Наоэ с интересом взглянул на нее. В личике Дзюнко не было и тени невинности.
– Что вы смотрите на меня ледяными глазами? – Дзюнко в упор уставилась на Наоэ. Потом, не выдержав, отвела взгляд. – Как подумаю, что вы обо мне знаете все, просто не по себе становится. Я вам, наверное, безразлична.
Наоэ приблизил губы к уху Дзюнко: – Скажи… ты ведь колешь себе наркотики? Или я не прав?
Черные глаза Дзюнко изумленно расширились.
– Почему вы… так решили?
– Потому что я врач. И понимаю лучше других. Дзюнко опустила голову.
– Да… Но не часто. Иногда, когда очень устаю.
– Не бойся, я не буду читать тебе мораль. Просто… Если хочешь, то у меня есть.
– Прямо сейчас?
– Да.
– У вас с собой?!
– Нет, разумеется, дома.
– Но… Почему вы решили, что я хочу?
– А разве нет?
– Да… Вы, доктор, тоже не ангел. – И Дзюнко взяла Наоэ под руку.
Глава XVI
На рассвете Норико разбудили завывания холодного осеннего ветра. Не вылезая из-под одеяла, она оглядела комнату. Взгляд скользнул к окну: на улице было совсем темно. Норико включила торшер, взглянула на часы: половина шестого. Летом бы уже светило солнце, а сейчас, в конце декабря, еще ночь.
Ветер стучал в стекло. У кровати лежала раскрытая книга. Норико читала на ночь, чтобы быстрее уснуть, но почему-то разволновалась – книга была про любовь – и долго не могла сомкнуть глаз.
«Любовь бывает разная, – прочитала она, – и самоотречение – тоже любовь…» Из головы у нее не выходил Наоэ. Последнее время с ним творилось что-то странное. Он похудел и казался теперь еще выше и тоньше, взгляд стал колючим. Но не внешние перемены тревожили Норико.

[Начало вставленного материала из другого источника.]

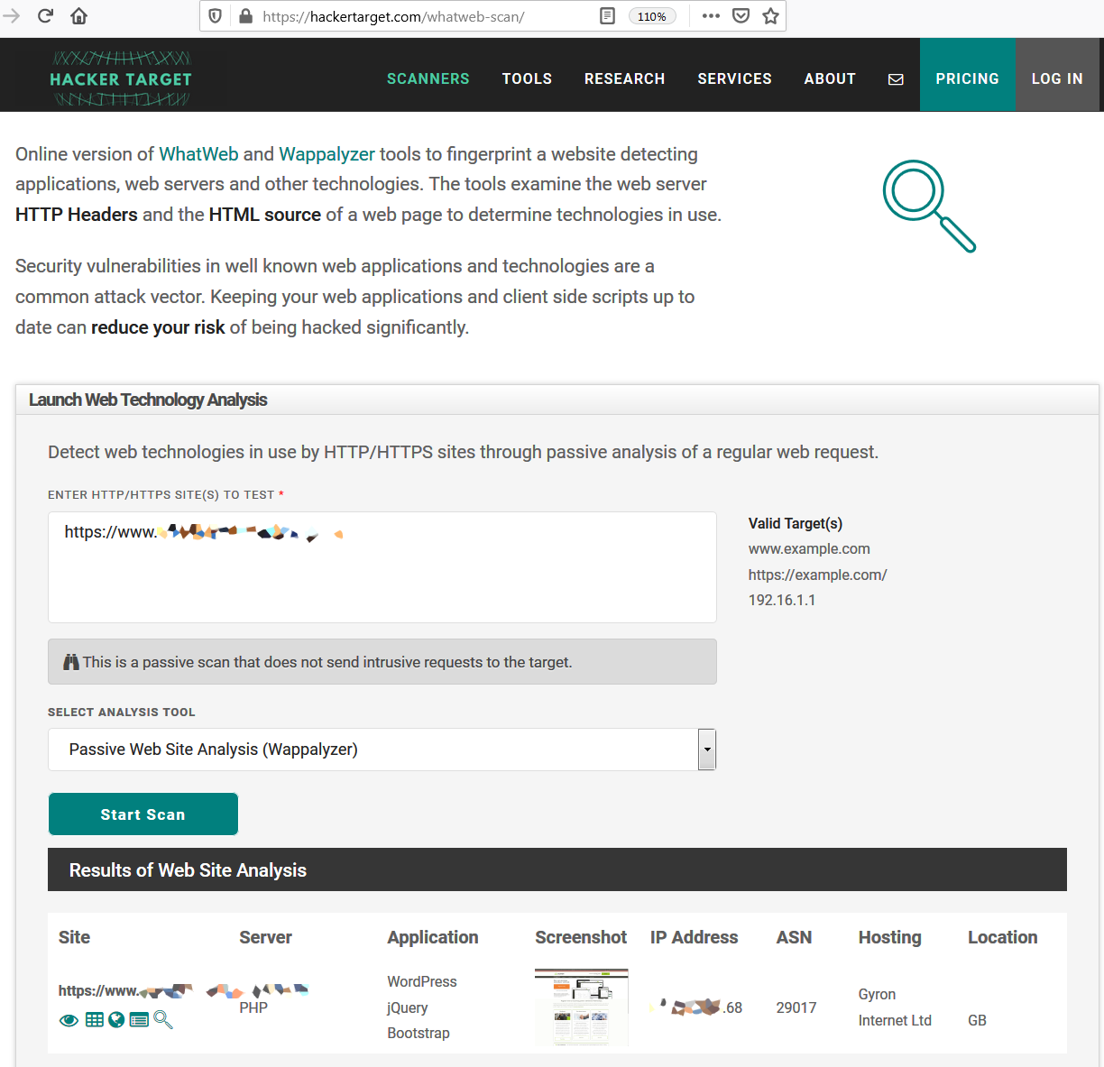Если у тебя нет VPN или ты просто не хочешь заморачиваться с установкой, обрати внимание на онлайновую версию WhatWeb. WhatWeb online

Во всем облике Наоэ – в бессильно опущенных плечах, в худой сутулой спине – чувствовалась затаенная боль и отчаянная тоска. Он никогда ничего не рассказывал ей, но Норико чувствовала: что-то мучит его.
Он был по-прежнему холоден, порой даже жесток. Мог пригласить ее, а потом, дождавшись, когда она кончит уборку, прогнать. Она привыкла к его капризам и нисколько не обижалась. С ней он всегда был такой. Когда он звал – она бежала к нему, если чувствовала, что наскучила, – уходила. Пусть она лишь игрушка – ее и это устраивало. Норико никогда не задумывалась, что хорошо, а что плохо; просто всегда поступала так, как хотелось ему.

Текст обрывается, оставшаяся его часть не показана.